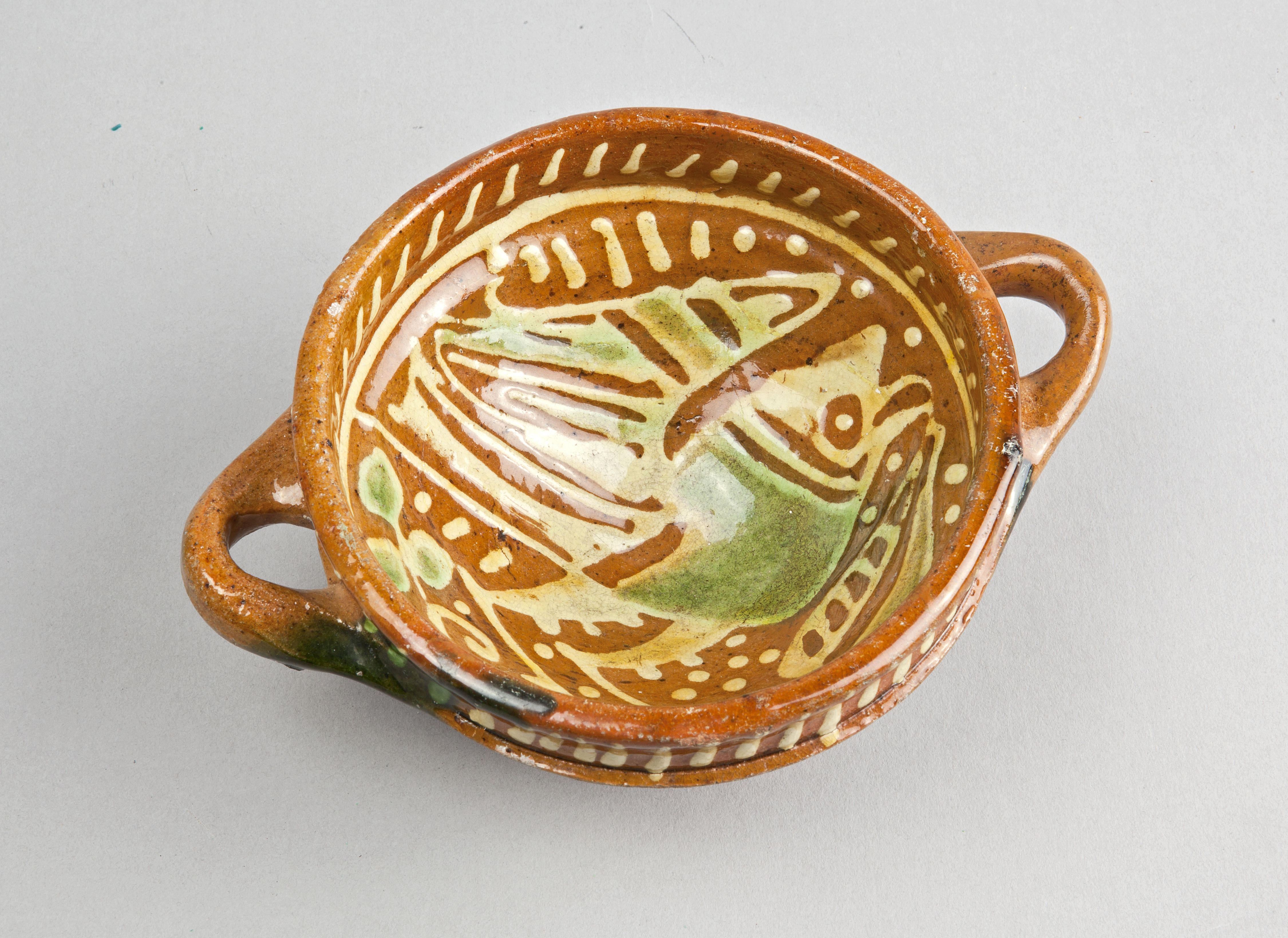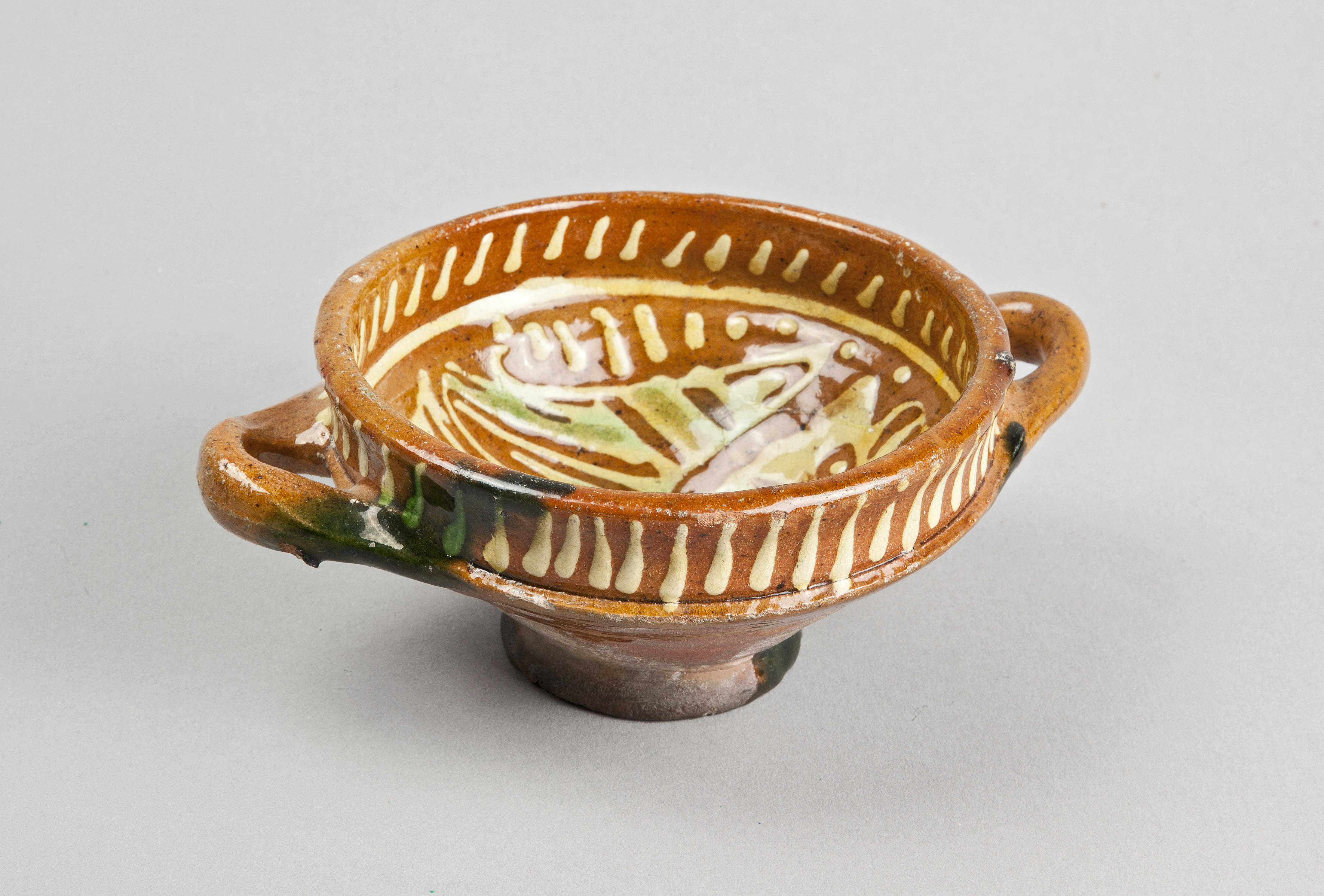 Papkom, bodemvondst in Middelburg. De kom heeft een voorstelling van een vogel, een klaverblad en een bloemknop of peul.
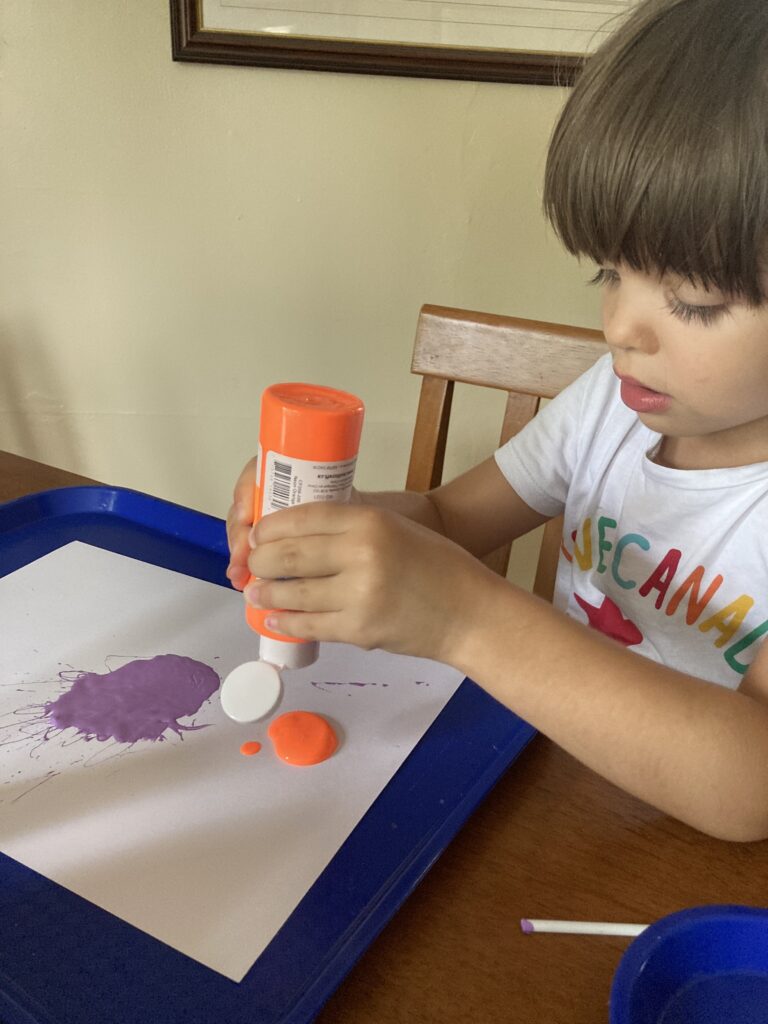 To do your splatter monsters make sure you have your surfaces protected. This can get a bit messy! But mess is good right lol! And the more paint you use, the messier this can get! Just a warning for you 😉
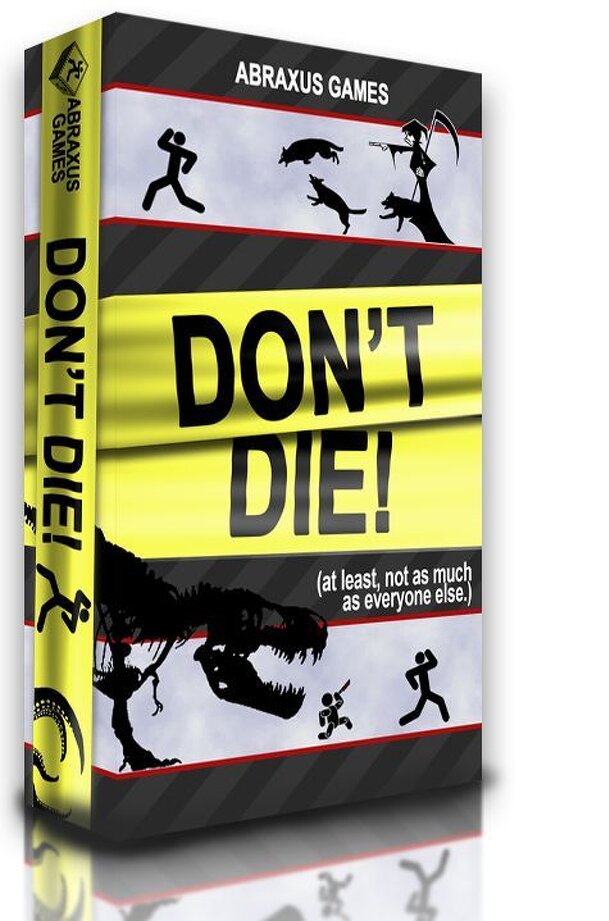 Don't Die! is the fast paced, frantic card game where you try not to die... at least, not as much as everyone else. In Don't Die!, players take turns pulling Hazard cards from the deck and laying them face up for all to see. Each card depicts a unique hazard and a hazard rating. Players then take turns moving the card around the table using "Side-Effects"...
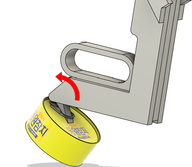 4. 갈고리 걸기 본체와 결합한 레일 끝에 있는 갈고리를 캔 고정대 내부로 넣고, 앞서 세워둔 통조림 손잡이 구멍에 정확히 걸어준다. 이 과정에서 갈고리가 제대로 걸려야 원활한 개봉이 가능해진다.

Exercise requirements: Word for word, restate the lines from the first line of the material through the line containing "To do your splatter", with the pictures left out.

Written solution:
 Papkom, bodemvondst in Middelburg. De kom heeft een voorstelling van een vogel, een klaverblad en een bloemknop of peul.
 To do your splatter monsters make sure you have your surfaces protected. This can get a bit messy! But mess is good right lol! And the more paint you use, the messier this can get! Just a warning for you 😉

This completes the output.